Which is still a random jumble of words. But it intended to be more cohesive than my normal stuff. But it’s all seemed overwhelming lately. Putting my words into the world. Being vulnerable.

It hasn’t just been in my writing that I’ve been afraid to be seen. It’s everywhere. In my day to day life. It’s scary to put yourself out there. I’ve been letting that fear get the best of me. Somedays, it still will. But today I’m hitting publish.

Do it Now

I recently ordered a book called “The Pocket Guide to Action” by Kyle Eschenroeder, in the package came a little bracelet that has the words “Do it Now” on it. Which has been a good, but constant reminder of my laziness. Although I will say it has been useful.

When you put something off, even something small it seems that much harder to getting around to it. I’m am certainly not a master at this.

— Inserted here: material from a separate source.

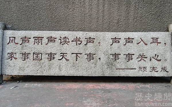 「風聲雨聲讀書聲聲聲入耳,家事國事天下事事事關心。」是東林志士讀書講學而不忘國家安危的真實寫照,同時也激勵我們後來的學子要為了國家的繁榮昌盛不懈努力。

But I’m trying to get better. Take for instance dishes, if you immediately take care of your dish after it meal it takes maybe a minute. If you wait a couple days then you have several other dishes to take care of, and maybe that food got crusted on and then it’s just gross.

The book, and the bracelet have led to thinking a lot about action lately. And “right action” versus just a plain action. The benefit of actively engaging in a book, versus slogging through the pages and dreaming about something. Or even just brushing your teeth and being mindful of that. It’s worth a try, and action seems to be more about a lot a small things than any big things. But at the end of the day when you lay in bed it’s pretty rewarded you realize how much you actually did that day.